The Lakeville Journal Editorial

Global leaders from the G20 are meeting at the 26th UN Climate Change Conference of the Parties (COP26) in Glasgow until Nov. 12. Their mission is to bring parties together to accelerate action toward the goals of the Paris Agreement and the UN Framework Convention on Climate Change, according to the COP26 website. As President Joe Biden and the other G20 leaders negotiate actions to address climate change, it’s a good time for Northwest Corner residents to evaluate our own approaches to environmental responsibility and action.

It can seem overwhelming, hearing the issues being discussed at the COP26 summit, to try to think of ways to address climate change locally and make a difference where we live. But this is a time when it is really important to take that on. As reported in last week’s Lakeville Journal by Leila Hawken and Patrick Sullivan, towns here are preparing to cope with the July 2022 closing of the trash-to-energy facility outside Hartford, MIRA (the Materials Innovation and Recycling Authority), where this region’s trash is now sent for disposal. That closing will take on great importance for the ability of our towns to dispose of our garbage.

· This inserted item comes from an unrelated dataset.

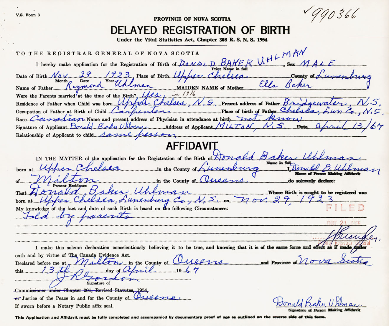 Signature of Applicant Donald Baker Uhlman Address of Applicant Milton, Queens Co., NS Date 13 April 1967
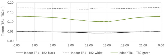 The calculated average from 25-days confirms the behavior. In Figure 6, TR2-white had higher peaks of reflectance compared to TR1, being more responsive to the solar incoming radiation. For TR2-black, it is assumed a typical reflectance value of 4–8% [36]. TR2-black absorbs more of the incoming radiation, with peak value at 12:30.

It may seem relatively inconsequential compared with the global problems being talked about at COP26. But we need to remember that if all communities across the Earth took such matters in hand and found the most environmentally sound way of living in our own places, the health of the planet would be in a better state right now. So let’s try to find a solution as a region that will be viable longterm.

The state of Connecticut is offering the option of the towns signing on to having their trash trucked to other areas of the country (the Midwest and the South) and buried. But even if all the towns sign on and get the best rate for such a service, costs to consumers will escalate. And it wouldn’t be a long-term solution. There are only so many places willing and able to take other regions’ garbage in and dispose of it, and let’s face it, their space to do so is certainly not infinite.

The towns here have historically followed the most environmentally responsible structures for disposing of waste they could find, in general. Cornwall in particular is now considering opting out of the state’s plan, searching for better alternatives. Encouraging wider composting of food waste is one way to try to reduce the solid waste that needs to be disposed of somehow.

Another way, of course, is for all of us to work to reduce our solid waste that needs to be dealt with at all. That may not be a simple task with so much packaging and other waste being a seemingly unavoidable part of our society, but it’s one that needs to be taken on seriously.

If we expect our world leaders to achieve a path to change on the global scale, we need to take our own steps to improve the lot of the planet, as well as our homes and neighborhoods. Take any ideas you have to do that to your town leaders right now. There is no time to waste.